The plan is to build a new elderly care home on the unused two-thirds of the Hainault site in Lesney Park Road, Erith, and a new learning disability unit on the rest of the site.
The project was to be financed by selling part of the Hainault site to build the new home for the elderly and use the proceeds to pay for the new unit for people with learning disabilities.
The eventual sale of the Homeleigh site in Avenue Road, for redevelopment, would then pay for the home for the elderly.
But the downturn in the housing market has meant the value of both sites has dropped.
This has hit the amount of funding available for the schemes, which will provide a 60-bed care home for the elderly, built and run by Kent Community Housing Trust (KCHT) and a 13-bed unit for people with learning disabilities, built and run by Maidstone Community Care Homes (MCCH).
Bexley Council owns the freehold of both sites.
To protect the projects from collapse, the council’s cabinet members agreed changes to the proposals last week, involving a land swap, which will make sure both homes will still be built.
Instead of having to buy the surplus land on the Hainault site, to build the new home for the elderly, Bexley will lease it for free to KCHT.
The council will also pay MCCH the agreed land value for the remaining third of the site.
This will enable MCCH to finance the building of its new13-bed unit for people with learning disabilities.
KCHT will save on the interest charges it would have paid on financing the purchase of its share of the Hainault site, while it builds the new home.

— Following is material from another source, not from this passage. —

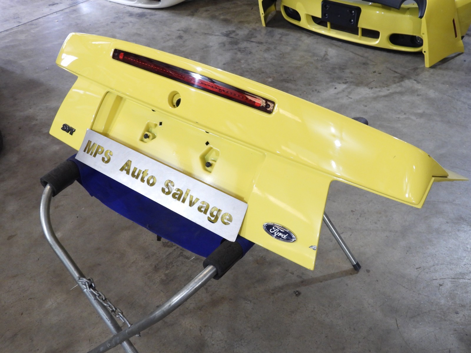 Item Description: This listing is for one 2003-2004 Ford Mustang Cobra Zinc Yellow "B7" OEM Decklid Wing With Spoiler & NON cracked 3rd Brake Light.. Good used functional take off. We look forward to your business. Shipping Informtaion: This item ships by Truck Freight. We use R&L Carriers. There is a $34.99 pallet fee to be included in the shipping. We will need a zip code in order to provide shipping quotes. Any Tax, duties, or brokerage fees are the buyers responsibilities. We process & pull paypal orders Monday - Friday at 10 am EST. If you place an order after this time, it will not be processed until the following BUSINESS day. We are closed on Saturday and Sundays, these are not business days. We use the most economical carriers for you depending on the item & your location. We have pick ups from our location Monday - Friday throughout the day. Freight tracking numbers are available upon your request. Contact Us: Please use the contact seller directly through the listing, and your email will be answered in a timely manner. About Us: We have been serving the late model Ford Mustang community since 1986. We have over 30,000 square feet of Mustang parts under roof! We have the most knowledgeable staff in the industry. Specializing in driveline conversions, or any project, rebuild, or restore requiring those hard to find New & Used Mustang parts. All members of our staff are hands on! All of our vehicles are stored inside before and after dismantling!!

In return KCHT will give up its lease on the Homeleigh site, which the council will sell when the new home is complete and the market recovers.
Bexley will also pay the cost of protecting the empty Homeleigh site.
Its sale will finance the new home for the elderly, but if it does not produce enough cash to also pay for the MCCH unit, the council will pay the shortfall.
If it produces more than the cost of the new MCCH unit, Bexley will pocket the surplus.
Councillor Peter Catterall described the new arrangement as “complex but ingenious”.